I don’t get a chance to play as many video games as I used to, but when I do, they tend to be reissues of old Super NES RPGs like Dragon Quest or Final Fantasy or visual novels like Jake Hunter or Hotel Dusk. While I cannot deny the obvious advancements in graphics and AI in contemporary console games, I would also argue that many of the newer games do nothing for me (with the exception of the Fable franchise–those games are a blast).

In “Why Japanese Games are Breaking Up with the West“, a 2011 essay published at 1UP, Ryan Winterhalter argues that Japan has also stubbornly clung to the older 2D style of games, showing little interest in today’s epic shooters and virtual worlds. Japanese game designers, who for years maintained the hallmark for quality console games, have apparently lost the zeitgeist while continuing to pursue  their own, arguably more interesting, path. Winterhalter’s essay makes for some fascinating reading.

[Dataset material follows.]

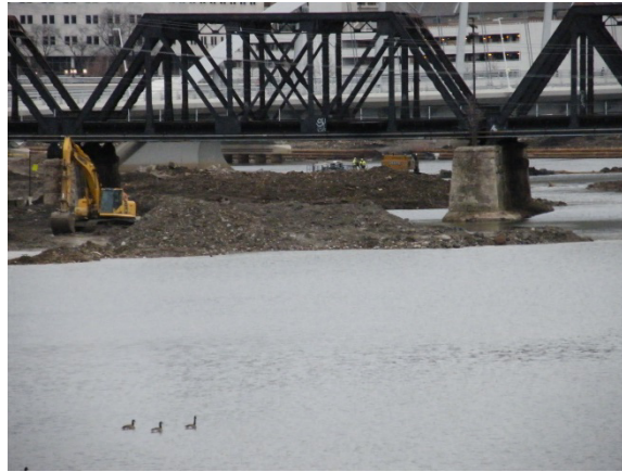
Photograph D-9: On East Bank at Approximate Location of Photographs D-3 and D-4

It’s not that Japanese games are bad and western games are good or vice versa, the problem facing fans of Japanese games outside of the country is that the tastes of Japanese gamers are diverging from the rest of the world, thus limiting the commercial appeal of even the biggest titles in Japan. The specialized habits of Japanese adult gamers have left the console space in the country to otaku and their moe. Meanwhile, the Japanese consumers are perfectly content with this state of affairs, because as far as many are concerned they’re not missing out on anything. The gamers have changed more than the games, and while that leaves a lot of old-school fans in Europe and the Americas out in cold the vast majority of consumers around the world seem to feel just fine about the current state of affairs.